Hope he gets fixed up quick anyway.


----------



## Francesca (6 May 2012)

fossyant said:


> I blame the tree - they don't half jump out at you.
> 
> PS I'm not big on descending fast off road, or indeed do any drop offs - never been to a trail centre as there are loads of routes locally in the Peak, but I've always backed off mad descents and stuff, as my road cycling takes priority - i.e. don't get injured.
> 
> Hope he gets fixed up quick anyway.


cheers fossyant


----------



## fossyant (6 May 2012)

PS your bike looks a cracker !


----------



## james3001 (6 May 2012)

the hell with the bike your drop dead georgeous


----------



## james3001 (6 May 2012)

just noticed on the photo of the helicopter looks like the AA are branching into para medics!


----------



## NormanD (6 May 2012)

Hope your friend has a speedy recovery there Fran ... Nice to see you enjoyed the bike this weekend, but did you have to force your friend into the tree to win the race?  

AA (on nose of helicopter) = Air Ambulance registration code last two letters G-NWAA


----------



## Francesca (6 May 2012)

NormanD said:


> Hope your friend has a speedy recovery there Fran ... Nice to see you enjoyed the bike this weekend, but did you have to force your friend into the tree to win the race?
> 
> AA (on nose of helicopter) = Air Ambulance registration code last two letters G-NWAA


Hi Norman - cheers for that, and enjoyed the ride and the On One - what a beauty to ride, handled well and ever so light, I didnt go down the drops that our friend did, he was very lucky that he had helmet on ,would have split his head open. His helmet was smahed up bad. He has been checked over and thank God he is ok. There are some bloody nutter mtbrs at Gisburn though -crazy mental heads!


----------



## Francesca (6 May 2012)

fossyant said:


> PS your bike looks a cracker !


cheers fossyant.


----------



## james3001 (6 May 2012)

Helmets are a pain but this time it looks like it did its job, the things we do do get that rush!


----------



## Cubist (6 May 2012)

Francesca said:


> Hi Norman - cheers for that, and enjoyed the ride and the On One - what a beauty to ride, handled well and ever so light, I didnt go down the drops that our friend did, he was very lucky that he had helmet on ,would have split his head open. His helmet was smahed up bad. He has been checked over and thank God he is ok. There are some bloody nutter mtbrs at Gisburn though -crazy mental heads!

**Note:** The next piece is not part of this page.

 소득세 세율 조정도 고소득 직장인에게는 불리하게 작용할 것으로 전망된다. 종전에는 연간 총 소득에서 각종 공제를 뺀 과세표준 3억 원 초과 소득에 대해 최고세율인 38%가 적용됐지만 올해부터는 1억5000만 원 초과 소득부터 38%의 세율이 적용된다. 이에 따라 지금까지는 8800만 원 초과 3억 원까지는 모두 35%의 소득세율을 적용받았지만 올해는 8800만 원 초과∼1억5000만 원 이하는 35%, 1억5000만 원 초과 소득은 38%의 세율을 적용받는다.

Sounds like the bike lived up to expectations.... and so it should. Do we get more of a breakdown of your ride... favourite bits, any trail features you've learnt to ride with a bit more confidence? Have you put your bodyweight shifting skills into practice on the new bike?


----------



## Francesca (6 May 2012)

Cubist said:


> Sounds like the bike lived up to expectations.... and so it should. Do we get more of a breakdown of your ride... favourite bits, any trail features you've learnt to ride with a bit more confidence? Have you put your bodyweight shifting skills into practice on the new bike?

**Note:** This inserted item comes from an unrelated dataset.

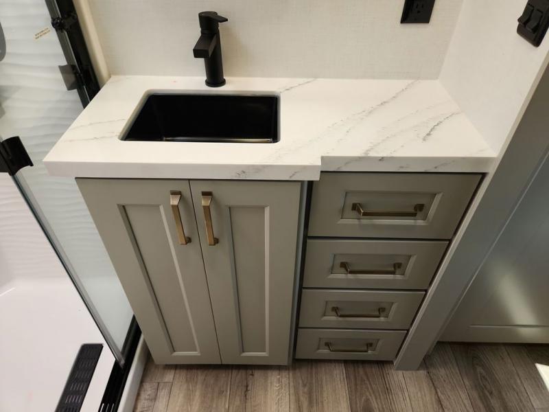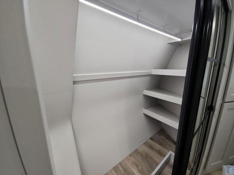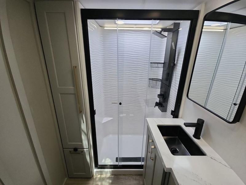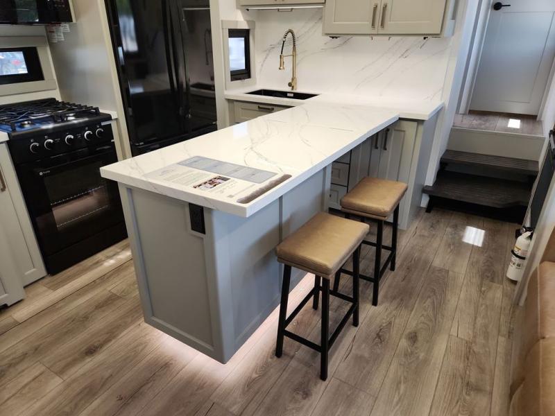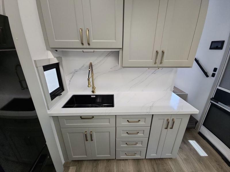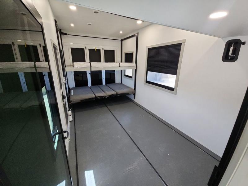 With any Model G toy hauler fifth wheel by Brinkley you will enjoy luxurious amenities, tons of storage space, and innovative features that have been developed and tested in the real world. Durable construction includes an industry leading PDI process, an industry best insulation package, and reinforced and walkable slide roofs. Some of the exterior features you'll find are a 3-way pass-through with a multi-functional flip-up bulkhead wall, under I-beam storage, a MAX-Vision reverse lighting system, and a low-maintenance roof to name a few. A Rockford Fosgate audio system comes standard, along with a OneControl app system that lets you control your fifth wheel's functions right from your mobile device. You will find the solar system with a designated storage area to be ultra convenient, plus there is a FlexPower 5500 with a dual fuel inverter generator for all your power needs. Head inside to find a residential interior with Brinkley's CraftSense wood trim construction, floating entrance steps, integrated window screens and insulated blackout blinds, and residential solid surface countertops plus backsplash. You will also enjoy the neon shower lighting and recessed medicine cabinets in the bath, plus motion activated LED bed lights and dual bedside outlets in the bedroom. Choose a Model G toy hauler fifth wheel to experience all the luxury it has to offer!

Concentrated more on using the gears as Ive never used this style before, so challenged myslef up hills shifting body weight and "feeling" the bike to suit the gears. Very impressed with the bike, its speed and durability on the bends and dips, handling on the track, breaks absolutely superb (Hope X2 brakes). Didnt do alot today though due to the accident and waiting with my friend, but my confidence is up and up with this new bike.!!happy days


----------



## flying start (6 May 2012)

Hope your friend has a speedy recovery!
Nice to see you had fun and good wether was on your side
and seeing ed oxley from great rock sweet would love to do a course with him
Would be good to do one with some other cycle chat people to..! 
It nocks your confidence when seeing some one hert them selfs at least you had fun and the bike looks good to.


----------



## Francesca (6 May 2012)

flying start said:


> Hope your friend has a speedy recovery!
> Nice to see you had fun and good wether was on your side
> and seeing ed oxley from great rock sweet would love to do a course with him
> Would be good to do one with some other cycle chat people to..!
> It nocks your confidence when seeing some one hert them selfs at least you had fun and the bike looks good to.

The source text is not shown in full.